Thinking about model problems this way can help figure out what do when a model doesn’t work so well. If a model has **high bias** (performs poorly even on training data), 1 thing to try = **adding more features.** Going from the degree 0 model to the degree 1 model can  be a big improvement. 

If a model has **high variance**, can similarly **remove features**. But another solution = to **obtain more data** (if possible).
* Ex: Fit a degree 9 polynomial to different size samples. 
* Model fit based on 10 DP's  = all over the place, as we saw before. 
* If instead trained on 100 DP's == much less overfitting
* Model trained from 1K DP's looks very similar to a degree 1 model.

*Holding model complexity constant*, more data = harder it is to overfit. On the other hand, **more data won’t help with bias = if a model doesn’t use enough features to capture regularities in the data, throwing more data at it won’t help**

### Feature Extraction and Selection

As mentioned, when data doesn’t have enough features, model is likely to underfit + when data has too many features, it’s easy to overfit

**Features** = inputs provided to a model + in simplest case, are given to you. 
* ex: To predict salary based on years of experience, "years of experience" is the only feature you have.
* Although,might also consider adding years of experience squared, cubed, + so on if it helps build a better model

Things become more interesting as data becomes more complicated.

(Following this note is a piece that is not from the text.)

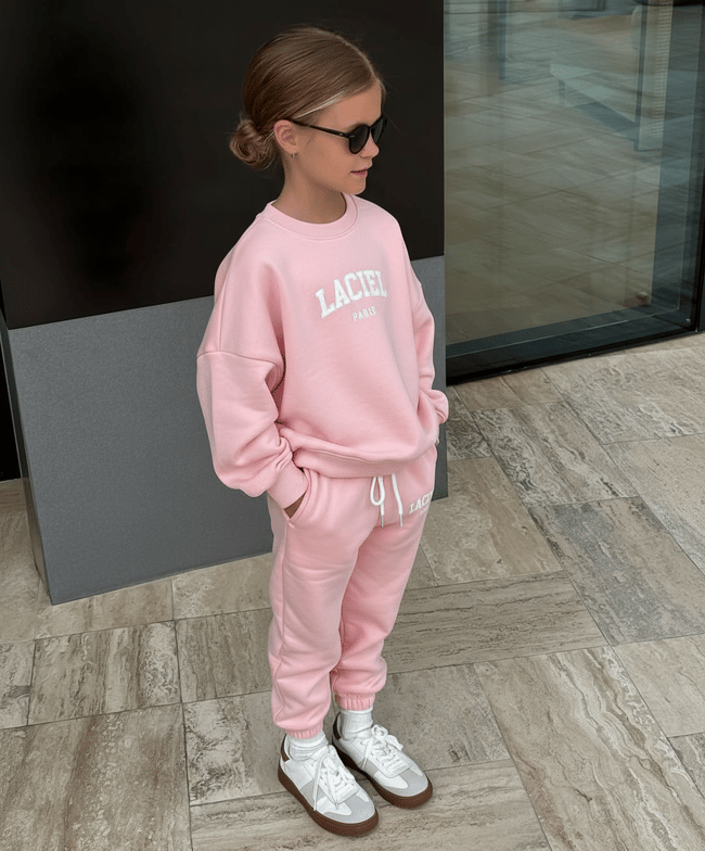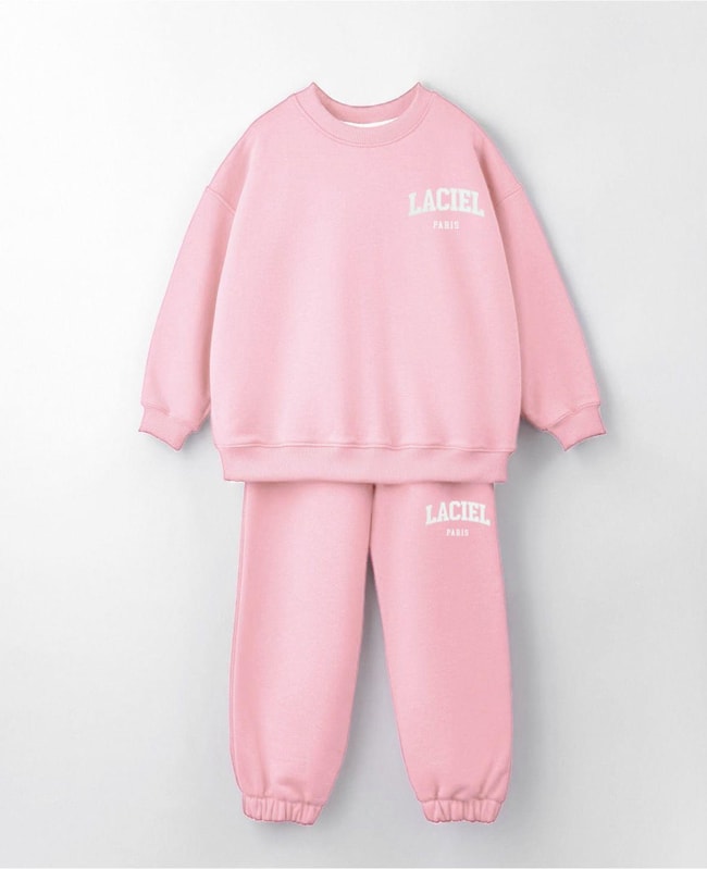 Kız Çocuk Pamuklu Pembe Sweatshirt Eşofman Alt-Üst Takım

Imagine trying to build a spam filter to predict junk or not. Most models won’t know what to do w/ a raw email (collection of text). You’ll have to **extract features**. 
* Does email contain the word “Viagra”? How many times does the letter d appear? What was the domain of the sender?
* The first = simply a yes/no, typically encoded as 1/0. 
* The second = a number.
* The third = a choice from a discrete set of options.

Pretty much always, we’ll extract features from data that fall into 1 of these 3 categories. What’s more, the *type* of features we have constrains the type of models we can use.

**Naive Bayes classifier** = suited to yes/no features, **Regression models** require numeric features (could include dummy variables = 0s/1s),
**decision trees** can deal w/ numeric *or* categorical data.

Can *create* features, or sometimes instead look for ways to *remove* features
* Ex: inputs might be vectors of several hundred #'s + depending on the situation, might be appropriate to distill these down to handful of important dimensions (Dimensionality Reduction) + use only those small # of features. 
* Or it might be appropriate to use a technique like **regularization**, that penalizes models the more features they use

*How do we choose features*? = combo of experience + domain expertise (receive lots of emails + probably sense the presence of certain words might be a good indicator of spamminess + # of `d`’s is likely not a good indicator of spamminess)

But in general you’ll have to try different things, which is part of the fun.